The vulnerability, CVE-2025-61932 (CVSS v4 score: 9.3), impacts on-premises versions of Lanscope Endpoint Manager, specifically Client program and Detection Agent, and could allow attackers to execute arbitrary code on susceptible systems.

"Motex LANSCOPE Endpoint Manager contains an improper verification of source of a communication channel vulnerability, allowing an attacker to execute arbitrary code by sending specially crafted packets," CISA said.

CIS Build Kits

The flaw impacts versions 9.4.7.1 and earlier. It has been addressed in the versions below -

  • 9.3.2.7
  • 9.3.3.9
  • 9.4.0.5
  • 9.4.1.5
  • 9.4.2.6
  • 9.4.3.8
  • 9.4.4.6
  • 9.4.5.4
  • 9.4.6.3, and
  • 9.4.7.3

It's currently not known how the vulnerability is being exploited in real-world attacks, who is behind them, or the scale of such efforts. However, an alert issued by the Japan Vulnerability Notes (JVN) portal earlier this week noted that Motex has confirmed an unnamed customer "received a malicious packet suspected to target this vulnerability."

Japan's JPCERT/CC has also acknowledged active abuse, stating "cases of receiving unauthorized packets to certain ports have been confirmed in domestic customer environments" and that the activity took place after April 2025.

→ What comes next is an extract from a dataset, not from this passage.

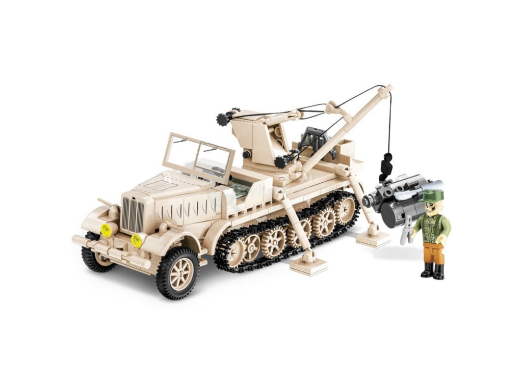 Postavte si model Sd.Kfz. 9/1 „FAMO“, což bylo největší z rodiny německých polopásových vozidel z 2. světové války. Byl konstruován jako těžký dělostřelecký tahač, ale jeho provoz ve válečných podmínkách mu dal jiné úkoly. Vozidlo bylo využíváno především v opravárenských jednotkách a sloužilo k evakuaci obrněných vozidel. jak se obrněné zbraně vyvíjely, byly stále těžší, takže musely být taženy dvěma nebo dokonce třemi vozidly tohoto typu. Famo byl poháněn motorem Maybach HL 108. Stejné pohonné jednotky byly instalovány v prvních verzích Pz. Kpfw. III a IV. Tahač verze 9/1 byl vybaven šestitunovým jeřábem Bildstein. Balení obsahuje 498 kostek stavebnice a 1 figurku vojáka.

Based on the information provided in the advisory, it appears that the vulnerability is being exploited to drop an unspecified backdoor on compromised systems.

In light of active exploitation efforts, Federal Civilian Executive Branch (FCEB) agencies are recommended to remediate CVE-2025-61932 by November 12, 2025, to safeguard their networks.